Der 70. ESC wird von politischen Entwicklungen begleitet. (Foto: IMAGO/SEPA.Media)

Die Stimmung rund um den Eurovision Song Contest ist seit Monaten aufgeladen. Wegen Israels Vorgehen im Gazastreifen boykottieren mehrere Länder das Event, mit weiteren Protesten wird gerechnet. Die Situation ruft sogar das FBI auf den Plan.

Die Polizei rechnet am Finaltag des Eurovision Song Contests (ESC) in Wien mit Stör- und Blockadeaktionen. Besonders für den Bereich Cybersicherheit würden die österreichischen Behörden mit dem FBI zusammenarbeiten, das in New York eine eigene Taskforce für die ESC-Woche bereithalte, sagte der Vizepräsident der Landespolizeidirektion, Dieter Csefan.

Die Taskforce soll den österreichischen Nachrichtendienst bei Cyberangriffen unterstützen, die eine Bedrohungslage darstellen. Bereits im August 2024 wurden österreichische Behörden von US-Geheimdiensten vor einem möglichen Anschlag bei einem Taylor-Swift-Konzert gewarnt.

Beim ESC geht man zudem von mehreren Demonstrationen aus. Eine davon, mit rund 3000 erwarteten Teilnehmern aus dem pro-palästinensischen Umfeld ist bereits angemeldet worden, sagte die Einsatzleiterin der Landespolizeidirektion Wien, Xenia Zauner. Es sei aber von weiteren Aktionen auszugehen. Auch aus dem Ausland würden wohl Demonstranten anreisen.

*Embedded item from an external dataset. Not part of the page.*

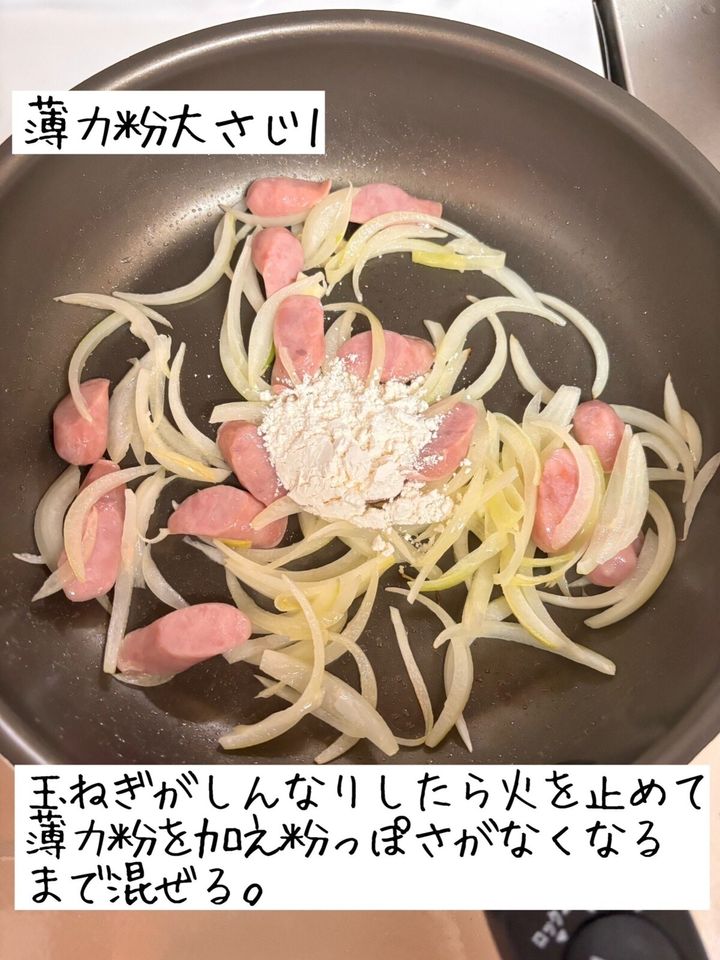 玉ねぎがしんなりしたら火を止めて薄力粉を加え粉っぽさがなくなるまで混ぜる。

Die Polizei habe umfangreiche Vorkehrungen getroffen, um die Sicherheit von ESC-Besuchern und ESC-Delegationen zu gewährleisten, so die Behörden. Täglich seien mehrere Hundert Polizisten in Uniform und in Zivil im Einsatz. Auch die Kräfte der Spezialeinheit Cobra sollen für Schutz sorgen.

Die Stimmung rund um den Song Contest ist seit Monaten aufgeladen. Aus Protest gegen das Vorgehen Israels im Gazastreifen und seine ESC-Teilnahme boykottieren fünf Länder den diesjährigen Wettbewerb.

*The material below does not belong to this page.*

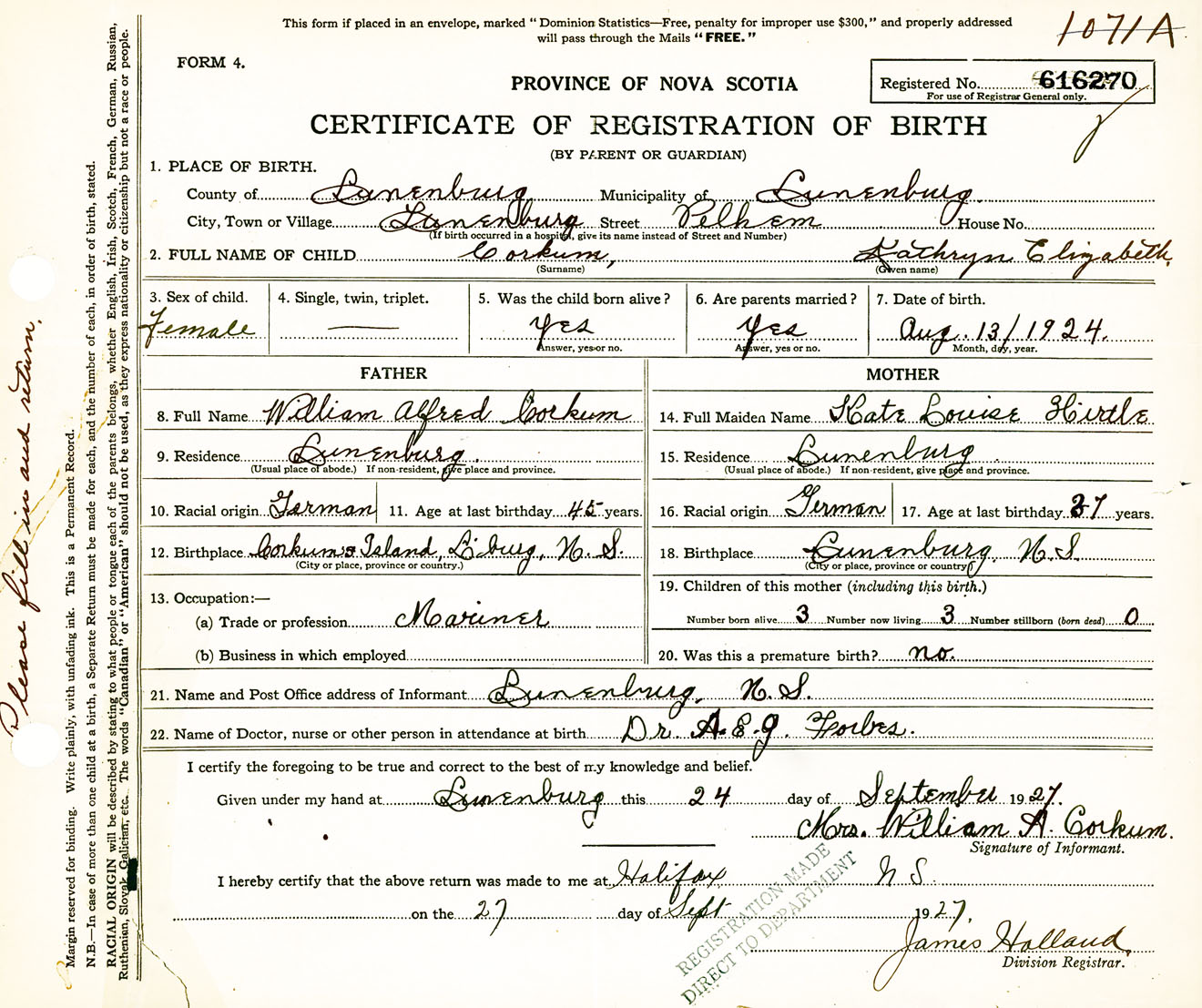 Female Birth Registration: Year: 1924 number: 61600270

Hochsicherheitszone um die Stadthalle

Um die Gefahr eines Anschlags oder einer Störung zu minimieren, wird die Polizei nach eigenen Angaben bis zum Beginn des ESC rund 16.000 Menschen überprüft haben, die in irgendeinem Zusammenhang mit dem Mega-Event stehen. Das gelte vor allem für die Mitarbeiter und Mitarbeiterinnen privater Sicherheitsdienste, sagte Csefan.

Die Stadthalle als Ort der Shows ist seit geraumer Zeit eine Hochsicherheitszone vergleichbar mit einem Flughafen. Sprengstoffspürhunde waren und sind im Einsatz. Das Augenmerk der Polizei gilt auch den Garagen im Umfeld der Veranstaltungsorte. Autofahrer, die diese Garagen und Parkhäuser benutzen wollen, müssen mit Kontrollen rechnen.

Im ESC-Village am Rathausplatz werden an den Tagen der Halbfinals und vor allem des ESC-Finales bis zu 30.000 Menschen erwartet. Auch hier gilt, dass Besucher an diesen Tagen keine Taschen mitbringen dürfen.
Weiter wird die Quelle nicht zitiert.